Now, all the VBA function needs to do is set the value of the PID cell, let the VLOOKUP do its work, and then get the value out of the UP:

    ...
    Dim unitprice As Currency

    Range("PID").Value = productid
    unitprice = Range("UP").Value

    Order_Price = unitprice * qty
                 'could apply delivery, discounts, etc
End Function

Notice that the Range function is used with names, not cell addresses. Firstly, this makes the code more readable. More importantly, it makes the code much more robust, since any structural changes to the worksheet are taken care of by automatic re-definition of the names “PID” and “UP”. Having literal cell addresses (“E2″, “F2″) in our code would be a maintenance nightmare. Anyway, you name ranges in Excel as standard practice, don’t you?

Note also that Value is not the default member of Range (there isn’t one), unlike form controls. So we can’t write just ‘Range(“UP”)’, we need the ‘.Value’.
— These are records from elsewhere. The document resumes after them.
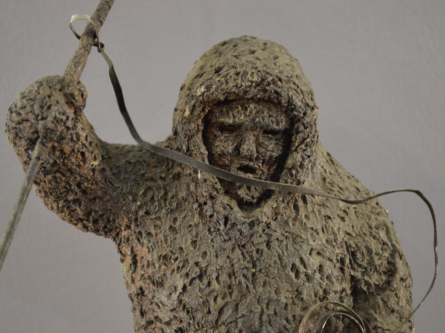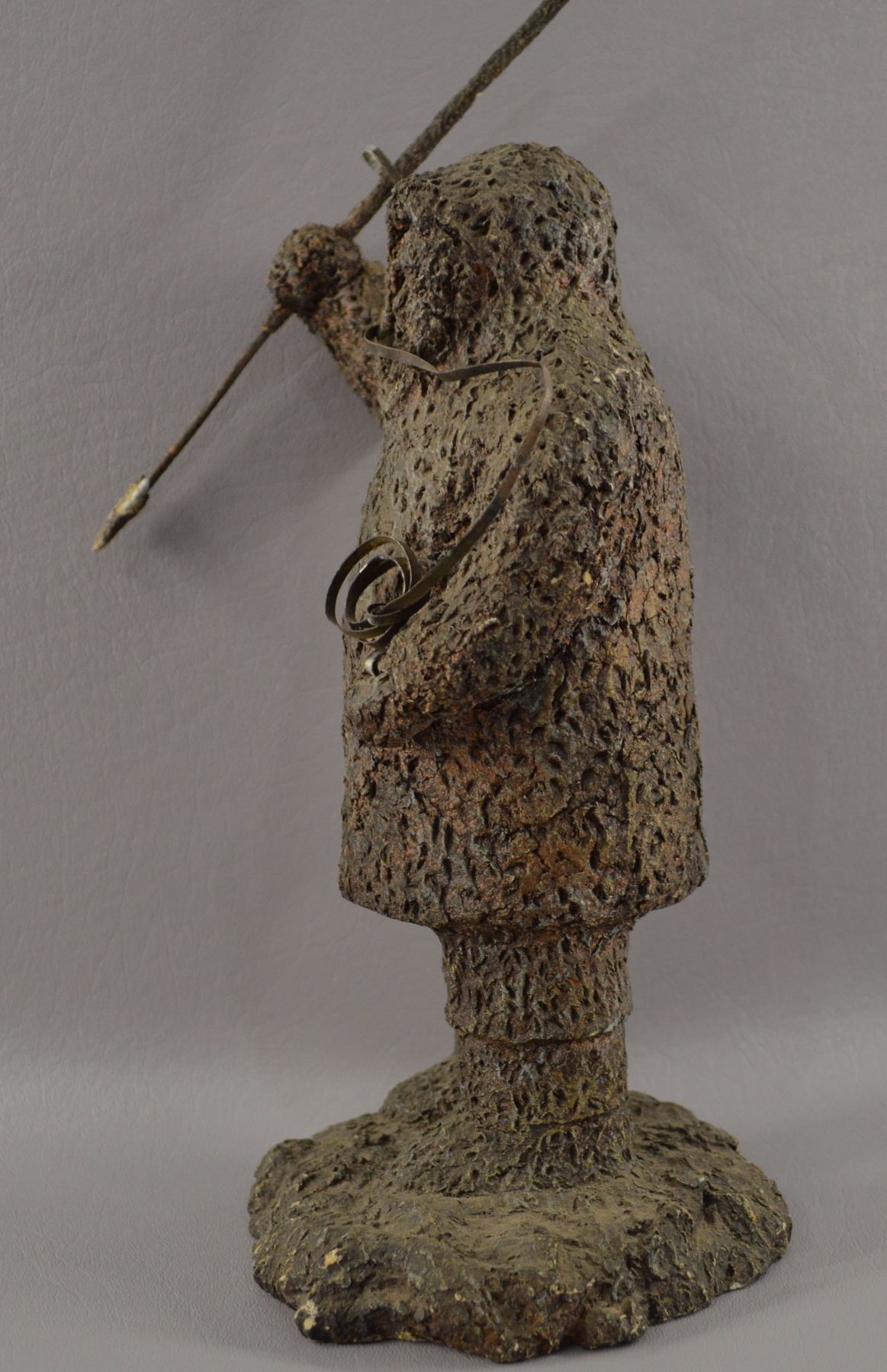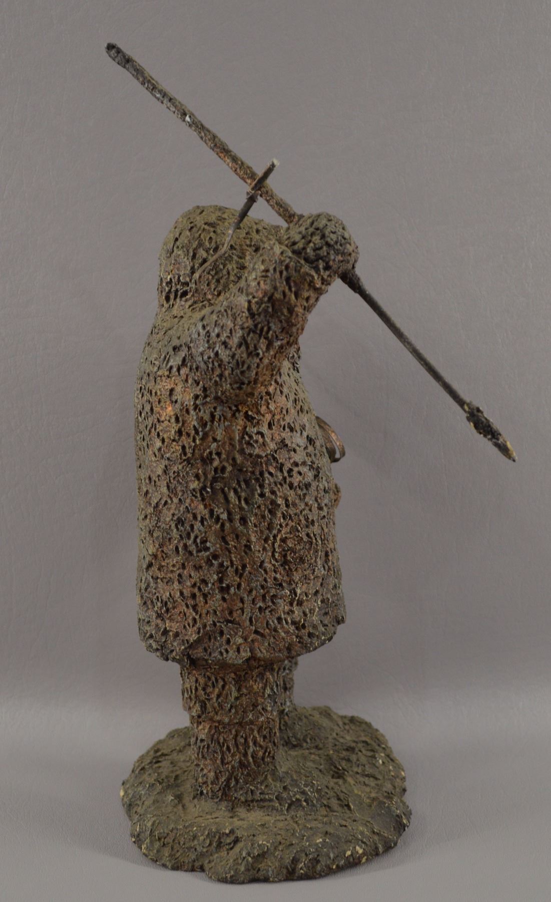 1980's. Cast of north west coast fisherman with spear, has rubs. 6" x 13"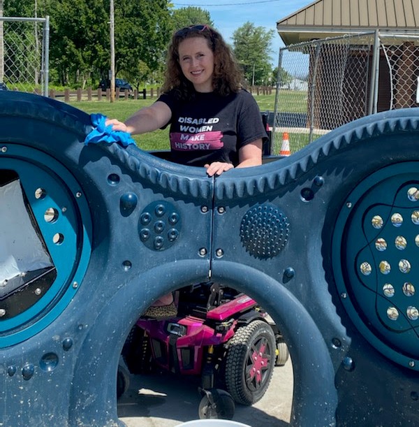 Over the past year, Santii and Endless Highway have worked tirelessly, even through the pandemic, to reach Santii’s goal of getting an accessible swing! They connected with Jill Moore White, an inclusive play specialist at Landscape Structures, Inc., who also uses a wheelchair. Jill introduced Santii and Endless Highway to different accessible playground options, specifically the We-Go-Round and the We-Go-Swing. The We-Go-Round is a merry-go-round with built in seating and open spaces for wheelchair users. It spins in circles when propelled by the kids (or adults!) playing on it. The We-Go-Swing is a swing that allows a power wheelchair or manual wheelchair user and ambulatory kids to play together.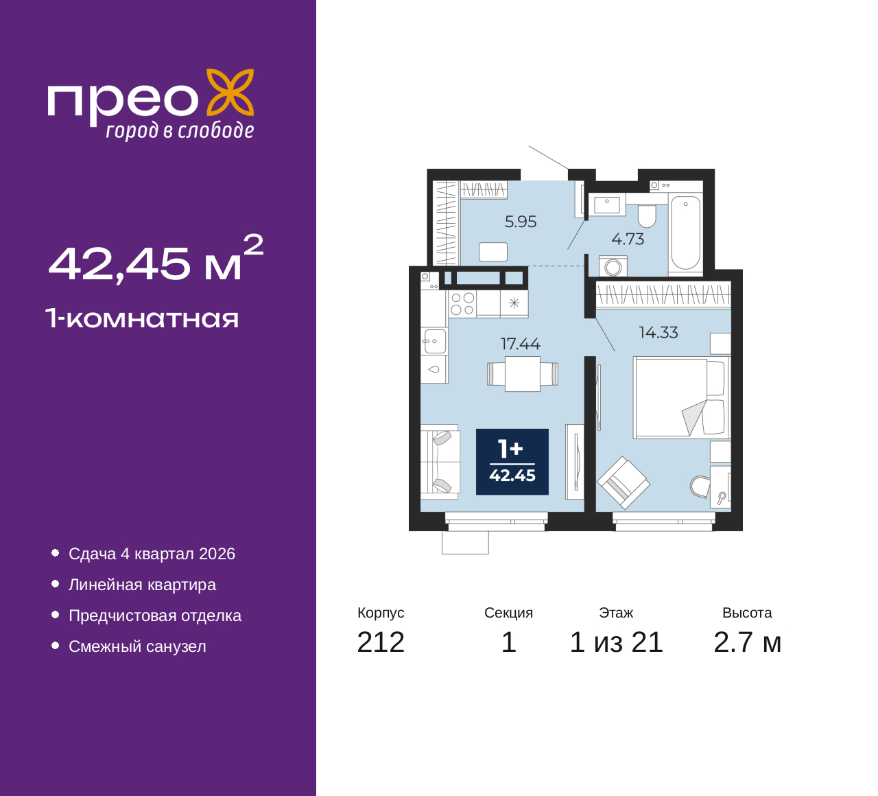 Однокомнатная квартира с предчистовой отделкой в ЖК "Прео" на 1 этаже. Общая площадь: 42.45 кв.м., жилая: 14.33 кв.м., площадь просторной кухни-столовой: 17.44 кв.м. Все окна выходят на одну сторону. В квартире один совмещенный санузел. Высота потолков 2.7 м. Квартира находится в корпусе 212. Дом монолитный, одноподъездный, высотой 21 этаж. На этаже 8 квартир. В подъезде 2 пассажирских и 1 грузовой лифт. Окончание строительства - 4 квартал 2026 года. Оформление сделки по договору долевого участия. Преображенский — один из самых привлекательных районов для жизни! Это полностью самостоятельный жилой район с точки зрения инфраструктуры. Преображенский находится между Московским и Червишевским трактами в квартале улиц Закалужская — Вьюжная — Александра Протозанова. Не нужно ждать, когда появится инфраструктура — переезжайте на всё готовое. Вблизи расположены действующие школа и детский сад. В этом году откроется еще один сад, а в следующем году — школа. По соседству с Преображенским запланировано строительство городского парка «Комарово» площадью 38 гектар. За 10 минут можно доехать на автомобиле до крупных ТРЦ: «Лента», «Кристалл», «Леруа Мерлен», «Метро» и «Ашан». С 2018 года в районе открыт Соседский центр — пространство, созданное для формирования добрососедской среды, совместного досуга, общения и реализации соседских инициатив. Здесь проходят встречи соседей, а также сами жители района организовывают мероприятия. Организатором такого события может стать любой желающий. В квартирах выполнена качественная предчистовая отделка. Гладкие стены с финишным выравниванием по маякам. Ровный потолок для установки натяжного потолка. Установлены пятикамерные окна с двойным стеклопакетом (3 стекла). Дизайнерские холлы с видеонаблюдением, безбарьерным и прозрачным входом – всегда светло и спокойно. На первом этаже есть просторные колясочные, где все жители могут оставлять свои коляски и велосипеды. В Преображенском есть всё, что нужно для активного отдыха и занятий спортом. Мы сделали большое футбольное поле с безопасным покрытием. Также установили хоккейный корт, который оборудован по всем необходимым стандартам. Во дворах можно делать упражнения на специальных площадках с турниками. Весь район мы обустроили велодорожками, которые связаны в единый маршрут. У нас есть сухие фонтаны, бьющие из земли, деревья, веревки, сетки, скалодром, газон, песок и резинка — осталось просто дать своему ребенку право на свободную игру. По-настоящему хорошие дворы — это те, которые дети предпочитают соцсетям и телевизору. Аккредитация в банках: ОАО «Альфа-Банк», «Сбербанк России», ПАО «Газпромбанк», ПАО Банк «ВТБ», ПАО «Банк Уралсиб» и других. (AQID02427529)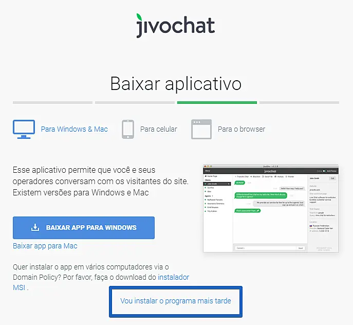 Na próxima etapa você pode já instalar o aplicativo do JivoChat no seu computador/celular, ou clicar para instalar mais tarde para continuar o processo de cadastro. Você pode baixar nossos aplicativos a qualquer momento pela nossa página de aplicativos.

You might wonder whether the VLOOKUP formula is guaranteed to evaluate before VBA moves on to the ‘unitprice = …’ statement. However, it always seems to work in practice, so my guess is that the worksheet calculations take place before control returns to the VBA.

Using Comments in Code (and DbC)

There is a lot of VBA code out there that is devoid of comments. Partly, this is due the lightweight development culture of VBA. You’re just ‘knocking something together quickly’, so you won’t bother with comments, maybe later. We’re all guilty of this to some extent (oh, sorry, you’re the one person who always comments rigorously…). So I think it helps to have a clear idea of what you use comments for.

First the negative cases (what not to use comments for):

  • The plonkingly obvious: paraphrases of code that should be clear enough on its own (i = i + 1     ‘increment counter)
  • Comments to describe sections of a procedure that is too long, and should be broken up into separate procedures.

Now the positive cases:

  • Module header comments: what a module is about; a list of its Public procedures (i.e. its interface)
  • Procedure pre-conditions and post-conditions: more on these below
  • On Dim statements, to expand on the local variable names (I tend to favour shortish names)
  • Working notes during development. e.g. “No error handling yet”, “No validation of user input”
  • Commenting out blocks of code (though these aren’t meaningful comments).

I think they are all fairly obvious, apart from the second one. This is based on the idea of Design by Contract (DbC), advocated by Bertrand Meyer, and implemented in the Eiffel language.

The idea of a pre-condition is that a procedure states what it assumes to be true at the time it is called. Often, the pre-condition will concern the procedure’s arguments. For example:

  • an integer is positive, or negative, or within a limit
  • a date is in the future, or the past, or within a period
  • a string is non-empty, or a certain length, or numeric
  • an object reference is valid (not ‘nothing’).

A header comment in the procedure is the place to state such pre-conditions. What this does is push the responsibility for ensuring the pre-conditions on to the caller(s) of the procedure. There is thus a clear division of labour between caller and called procedure.

For example, suppose an event-handler in a Form calls a support procedure in a general module, passing some user input (a product Id, say). For the support procedure to do its stuff, it requires that the user input is valid. Stating this in a pre-condition makes it clear that it’s the Form’s job to ensure this. In practice, the Form ensures that the input is valid, by some means: e.g. checking values in the OKbutton_click handler, or using a dropdown list populated with the set of valid values. A key point is that the pre-condition means that the called procedure does not need to check or validate the condition, which makes the code simpler.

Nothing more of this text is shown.